Джулиет посмотрела на нее и налила себе кофе.
– Тогда зачем было бежать из Севильи?
– Я же сказала, что там все пошло вкривь и вкось.
– Но, как я понимаю, ты убежала оттуда как раз тогда, когда все начало вставать на свои места. Ты ведь сказала, что мистер Луис Гомес Морено был очень любезен с тобой.
– Да, действительно. Он кое-что мне сказал, – проговорила она, намазывая масло на свой тост.
– Что сказал?
– Я не помню точно, как мы к этому подошли. Я рассказывала ему о том, как ребенком придумывала разные фантастические истории – да я и сейчас иногда на этом себя ловлю – и как представляла себе, что вижу Фердинанда и Изабеллу в Севильском соборе. – Она потянулась за медом. – А он сказал: „Мисс Шор, такими фантазиями занимаются те, кто испытывает внутренний вакуум. Подобными фантазиями мы стремимся заполнить его". Никогда раньше я об этом не задумывалась.
Наступило молчание. Джулиет пила свой кофе. Фрэнсис размазывала ножом мед по тосту.
– Он абсолютно прав, – проговорила Джулиет.
– Я знаю. Это заставило меня задуматься…
– О чем?
– О внутреннем вакууме. У тебя он есть?
– Он есть у всех, но проявляется по-разному. У меня он сократился с возрастом. А что сказал тебе мистер Гомес Морено, когда ты прощалась с ним?

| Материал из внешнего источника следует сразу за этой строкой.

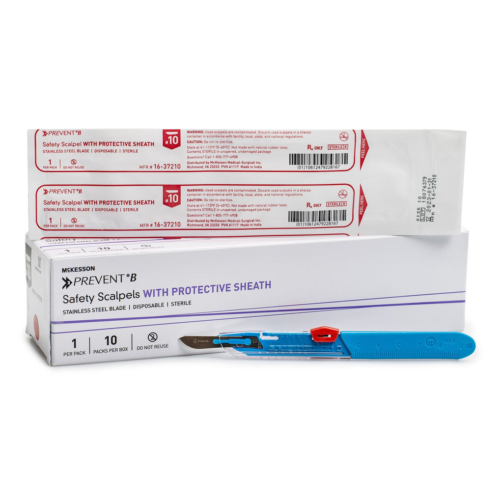 Safety Scalpel McKesson Prevent® B No. 10 Stainless Steel / Plastic Classic Grip Handle Sterile Disposable
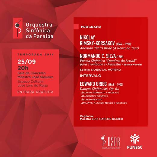 A Orquestra Sinfônica da Paraíba (OSPB) se apresenta, nesta quinta-feira (25), sob a batuta de seu regente titular, Luiz Carlos Durier. O terceiro concerto oficial da temporada 2014 do grupo contará com a participação de trombonista Sandoval Moreno como solista. Ele executará o poema sinfônico “Quadros do Seridó” para trombone e orquestra (estreia mundial), de Normando C. Silva. As outras duas obras que completam o repertório serão executadas pela primeira vez em solo paraibano. A apresentação gratuita será às 20h, na Sala de Concertos Maestro José Siqueira.

– Он сказал: „Я хотя бы рад, что вам в ваших фантазиях явились Их Католические Величества". Это, по-видимому, была шутка.
– А что он предлагал тебе в случае согласия остаться?
– Он собирался показать мне все свои гостиницы: одну – в Севилье, другую – вблизи Кордовы, а третью, его любимую, – в горах к югу от Гранады.
– И вместо этого ты едешь обратно в Грейндж, – задумчиво проговорила Джулиет, ставя свою кружку на стол.
Фрэнсис искоса взглянула на нее.
– Я хочу в Грейндж.
– Должен заметить, что я никогда еще не был так рад кого-либо видеть, – воскликнул Роберт, наливая еще вина в бокал Фрэнсис. После разгула рождественского обеда они на время остались единственными трезво воспринимающими реальность людьми. Трое старших детей Мидлтонов исчезли, поняв натренированным чутьем, что приближается уборка посуды. Барбара попыталась заснуть наверху, Лиззи старалась заставить Дэйви брать пример с бабушки, а Уильям, сидевший на другом конце стола с пурпурным бумажным колпаком на голове, мирно похрапывал.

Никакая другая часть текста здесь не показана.